His first professional tournament was the 1989 World Snooker Championship. He received generous support from the Zmerc Pub and English snooker player Carm Zerafa who financially assisted him to compete in professional tournaments. Grech reached the round of 16 of the 1989 Dubai Classic but was defeated by Alex Higgins. Grech was given a place at the Malta Grand Prix, where he lost to fellow countryman Tony Drago in the quarter-finals of the 1996 event. With the World Snooker Tour allowing only the top 64 players to retain a spot on the professional tour for 1997, Grech lost his place playing in the qualification events and UK Tour.

At the 1997 IBSF World Billiards Championship, Grech defeated India's Ashok Shandilya by 2895 to 2836 to win his only World Championship.
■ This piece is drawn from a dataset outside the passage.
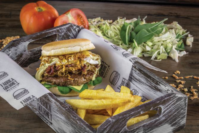 Daniel’s Burguer: kobe burger 180g, queijo brie, cebola de igreja chapeada, bacon pipoca, maionese bourbon, cebola crocante, rúcula ou alface americana no pão ciabatta rústico. Acompanha fritas da Fábrica
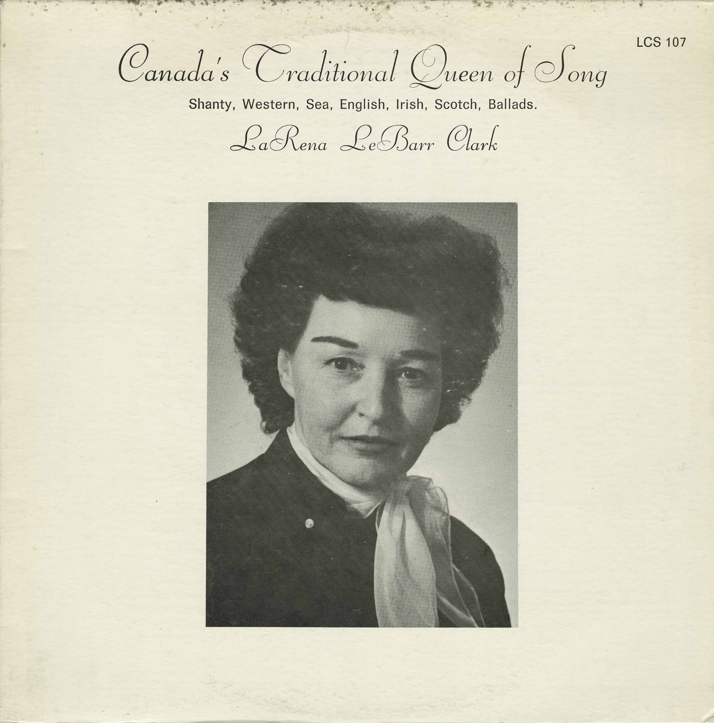 Mrs. Gordon Clark, who was born LaRena LeBarr, is an Ontario singer who learned a great traditional song from both her parents and grandparents in her youth. This record emphasizes the older British songs and recitations, but she also knows lumbering songs, local ballads, and semi-improvised comical songs concerned with animals and neighbours. Her father and she have been in contact with the LaRena's since French colonists who came to Canada early in the nineteenth century. The Clarks, originally from the Ottawa Valley, moved to Huntsville in Muskoka, Ontario, near Lake Simcoe, and obtained a land grant near Lake Simcoe. In those wooded hills, great log jams stood in boom towns; when these broke, as on the great log jam on Deep Bay (Cannington), they sent logs into a vast pond landing in the rich Lake Simcoe clay. This pond is now used by the Ontario Fish Hatchery.

In the same year, he reached quarter-finals at the EBSA European Snooker Championship, losing 2-5 to Graham Horne. At the 1997 Malta Grand Prix, he lost to Ken Doherty in the quarter-finals. He teamed up with Alex Borg to win the 1997 European Continental Team Cup, Malta's first victory.

Grech reached the semi-final of the World Amateur Snooker Championship in 1998, losing 7-8 to Ryan Day. He returned to the World Snooker Tour the same year, losing to Stephen Hendry in the quarter-final of the 1998 Malta Grand Prix. He again became national champion for two successive years in 1999 and 2000 at the Malta Snooker Championship. He collaborated with Alex Borg again to win the EBSA European Team Championship in 1999 and 2000. Alongside Alex Borg and Somin Zammitt, Grech won the EBSA European Team Championship for a third time in 2005. Grech also reached quarter-finals at the 2005 World Billiards Championship after defeating his compatriot Paul Mifsud in the last 16. At the 2005 Malta Cup, he lost to Tom Ford in the wildcard round and was eliminated from the competition. He lost to Mark Allen in the wildcard round at the 2006 Malta Cup. He also emerged as the winner of the Snooker Open ranking tournament in 2006 organised by the Malta Billiards and Snooker Association.

After leaving the professional Tour, Grech competed as a senior. He received a wild card entry to participate at the 2007 Malta Cup but was knocked out by David Roe of England. He was a part of the team which won the EBSA European Team Championship seniors tournament in 2011. Grech died on 21 August 2021, aged 66.

== Honours ==
Grech was awarded the Midalja għall-Qadi tar-Repubblika in 1997 after becoming the world champion. He won the Maltese English Billiards Championship on 13 consecutive occasions from 2003 to 2015.

In 2017, Grech was inducted into the Hall of Fame of the Malta Olympic Committee, the second billiards player after Paul Mifsud.